Records from a data collection:
☆ ☆ ☆ ☆ ☆ ☆ ☆

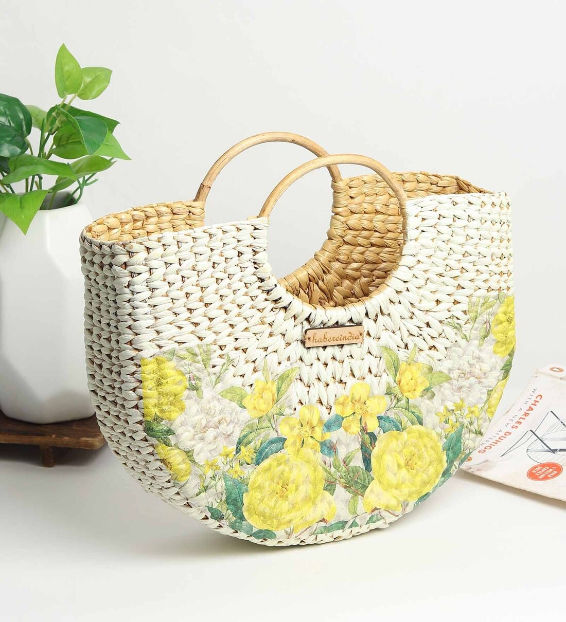 Small Tote Bag | Straw Bag | Basket Bag | Beach Bags for Women | Boho Bag | Women Handbag | Half Moon Bag (Mediun: 32x11x27 cm)
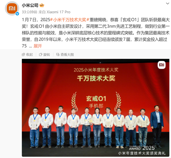 1月8日上午,小米公司亦发布微博称,恭喜玄戒O1团队斩获最高大奖。玄戒O1由小米自主研发设计,采用第二代3nm先进工艺制程,做到行业第一梯队的性能与能效,是小米深耕底层核心技术的里程碑式突破。
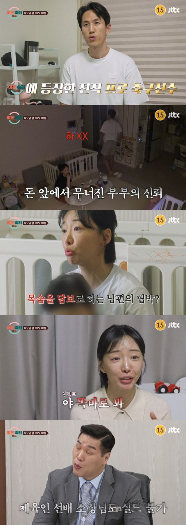 서장훈은 강지용을 “엘리트 선수 출신”이라고 소개했다. 또 이어진 관찰 카메라에서 강지용의 아내는 “너 돈 없는 게 내 탓이야? 돈이 없었잖아 이 XX새끼야”라고 화를 냈고, 이에 강지용은 “하 XX”라고 외마디 욕을 내뱉고 방으로 들어갔다.
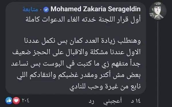 وكتب محمد سراج الدين عبر حسابه الرسمي على «فيس بوك»: «أول قرار اللجنة خدته هو إلغاء الدعوات بشكل كامل، وهنطلب زيادة العدد كمان بس الأول عندنا مشكلة وهي الإقبال على الحجز ضعيف جدًا»، وأضاف محمد سراج الدين: «متفهم جدًا زي ما كتبت في البوست بس نساعد بعض مش أكتر ومقد غضبكم وانتقادكم اللي نابعة من غيرة وحب للنادي».
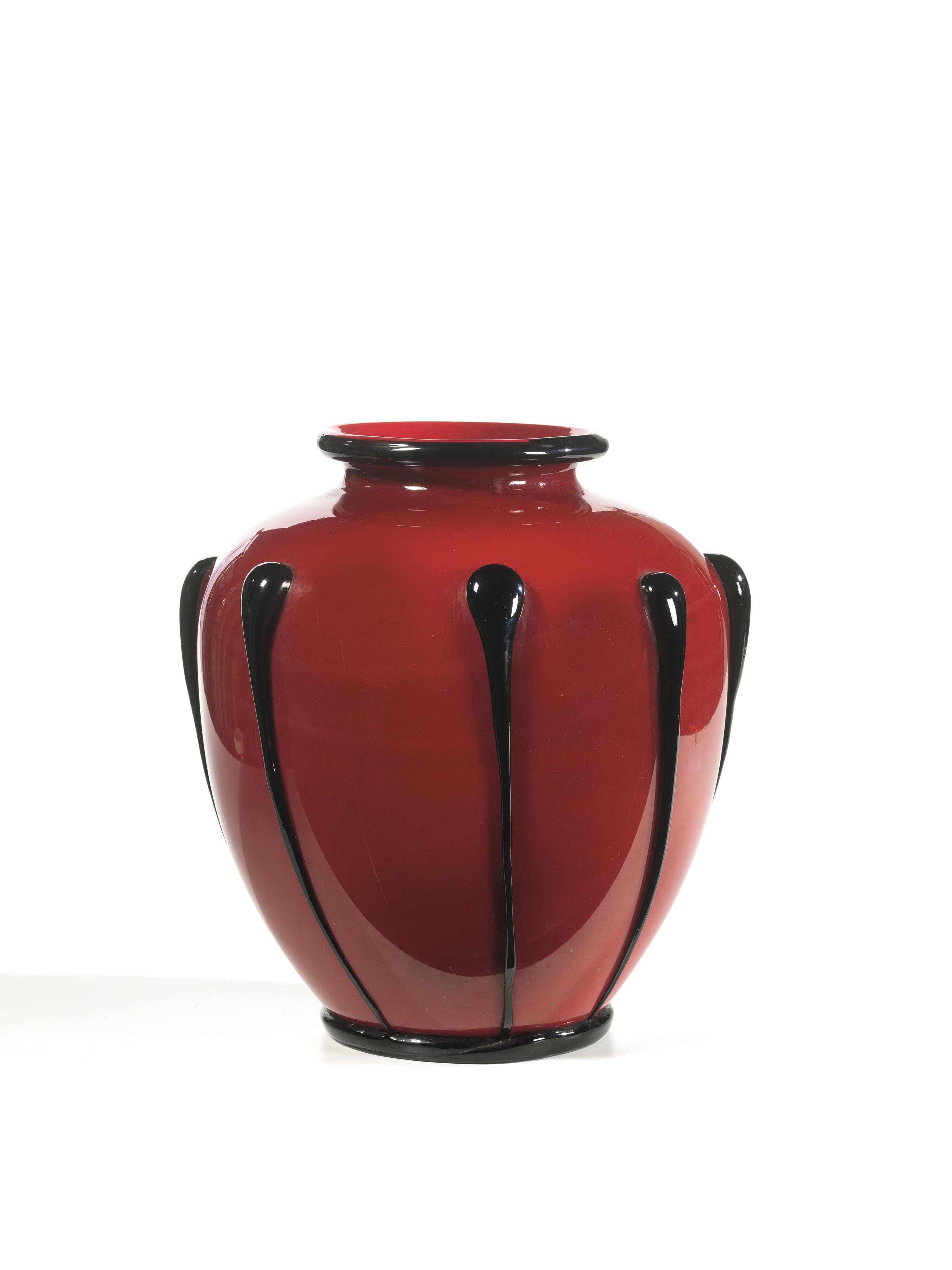 Vaso in vetro, Murano, di forma globulare con costolonature in rilievo nere, alt. cm 32

☆ ☆ ☆ ☆ ☆ ☆ ☆

▶ _Task objective_: Each record should be printed again precisely, though not its pictures.

▶ _Response_:
 Small Tote Bag | Straw Bag | Basket Bag | Beach Bags for Women | Boho Bag | Women Handbag | Half Moon Bag (Mediun: 32x11x27 cm)
 1月8日上午,小米公司亦发布微博称,恭喜玄戒O1团队斩获最高大奖。玄戒O1由小米自主研发设计,采用第二代3nm先进工艺制程,做到行业第一梯队的性能与能效,是小米深耕底层核心技术的里程碑式突破。
 서장훈은 강지용을 “엘리트 선수 출신”이라고 소개했다. 또 이어진 관찰 카메라에서 강지용의 아내는 “너 돈 없는 게 내 탓이야? 돈이 없었잖아 이 XX새끼야”라고 화를 냈고, 이에 강지용은 “하 XX”라고 외마디 욕을 내뱉고 방으로 들어갔다.
 وكتب محمد سراج الدين عبر حسابه الرسمي على «فيس بوك»: «أول قرار اللجنة خدته هو إلغاء الدعوات بشكل كامل، وهنطلب زيادة العدد كمان بس الأول عندنا مشكلة وهي الإقبال على الحجز ضعيف جدًا»، وأضاف محمد سراج الدين: «متفهم جدًا زي ما كتبت في البوست بس نساعد بعض مش أكتر ومقد غضبكم وانتقادكم اللي نابعة من غيرة وحب للنادي».
 Vaso in vetro, Murano, di forma globulare con costolonature in rilievo nere, alt. cm 32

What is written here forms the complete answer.